# Error message-posts not posting



## Candy (Oct 11, 2010)

I would like to know if anyone else is having a truly difficult time posting in threads like I am. I know that someone posted a few days ago about the "error" message that they had been receiving but I'm trying to post and it says that it's posted when I go to my posts, but then I go to "View Today's Posts" and it's not there. It even goes as far as posting the same post twice and then I have to go in and delete it. This is too much work to reply to someones threads. This is getting to be a hassle even trying to post.  Is there anyway to fix this?


----------



## Josh (Oct 11, 2010)

Hi Candy,
The only problems I'm aware of involve the internal server error. Is this what your seeing? Did you get the error page that asks you to send an email?


----------



## terryo (Oct 11, 2010)

Candy, the same thing is happening to me. It doesn't post, and then you get two posts, and have to delete one of them.


----------



## Tom (Oct 11, 2010)

Hi Josh, I'm now getting the "error" message about every forth or fifth time I try to click to a new post or page, or post a response to a PM or a thread. Seems to be getting worse. On the bright side, If I wait a minute and try again it usually goes through. My computer is NOT doing this on any other forum or website.

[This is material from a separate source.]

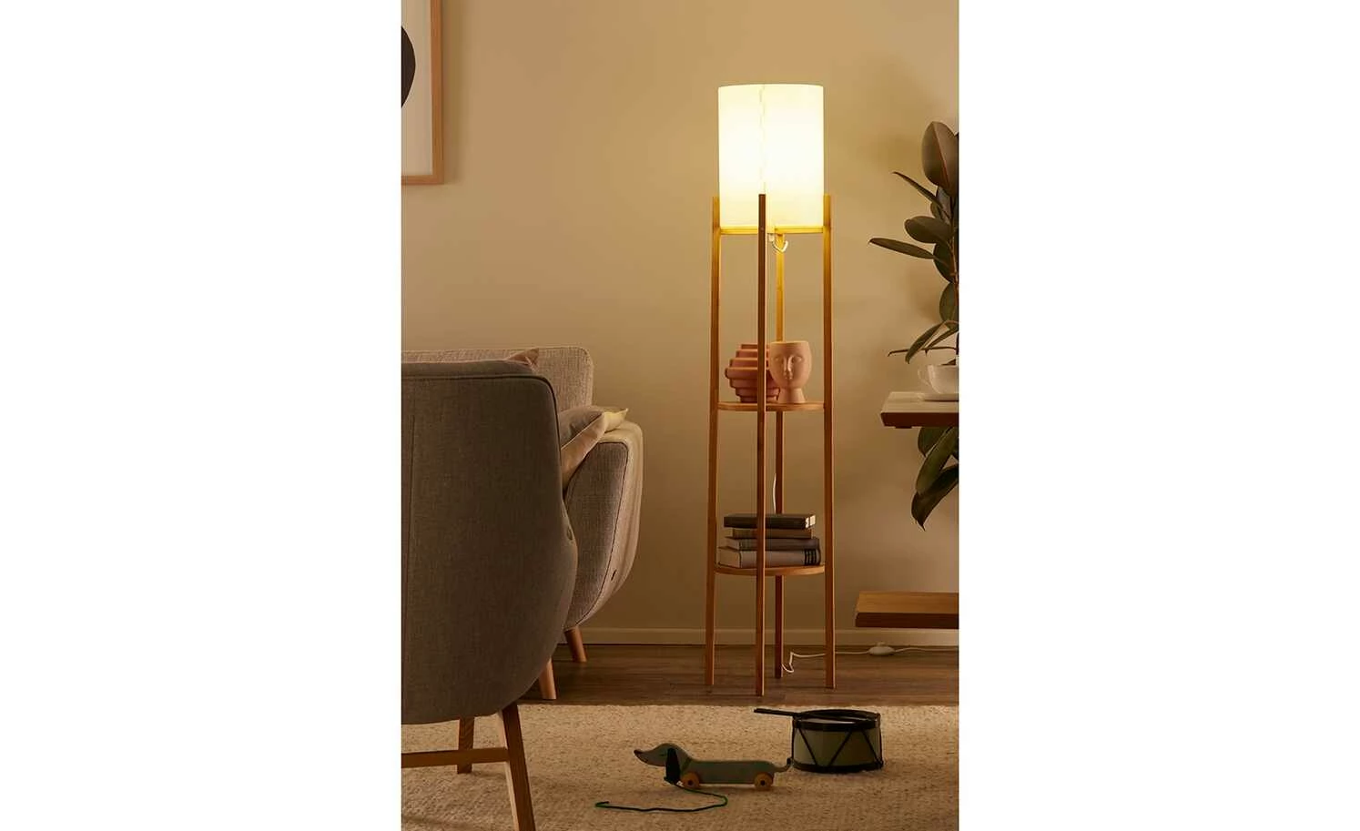 HOME STORY Stehleuchte, 1-flammig, Bambus mit Ablage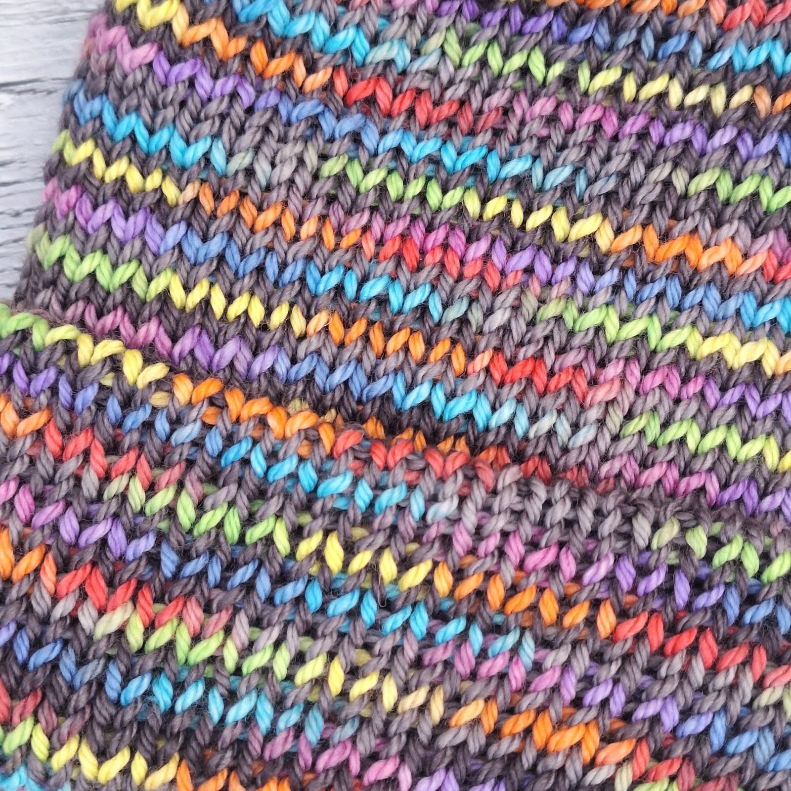 A one-off for me featuring a unique hand-dyed multi-coloured skein. Not dyed by me this time, but from the amazing TwinklyKnits. Bright splashes of colour cooled down by darkest grey.

Hope this helps to diagnose the problem and remember that we all love and appreciate you, even if there is a temporary "imperfection" with our beloved forum.


----------



## ChiKat (Oct 11, 2010)

I have also been receiving these messages more frequently.
Do you really want an email each time this happens? I emailed you the first time. I'm not noticing any patterns though (like it only happens when I click on certain sub-forums, etc.)


----------



## shmily1605 (Oct 11, 2010)

I keep getting the internal server error also.


----------



## Candy (Oct 11, 2010)

Josh said:


> Hi Candy,
> The only problems I'm aware of involve the internal server error. Is this what your seeing? Did you get the error page that asks you to send an email?



Yes Josh I am. Another thing that is happening is that when you post something it shows that you were the last poster but when you try to pull up that post it's not even there. Tom I think posted recently on my thread about Sea World, but when I try to read it it doesn't show up. I can find part of it if I go to his name and checks out his posts but that's it I can't read all of it.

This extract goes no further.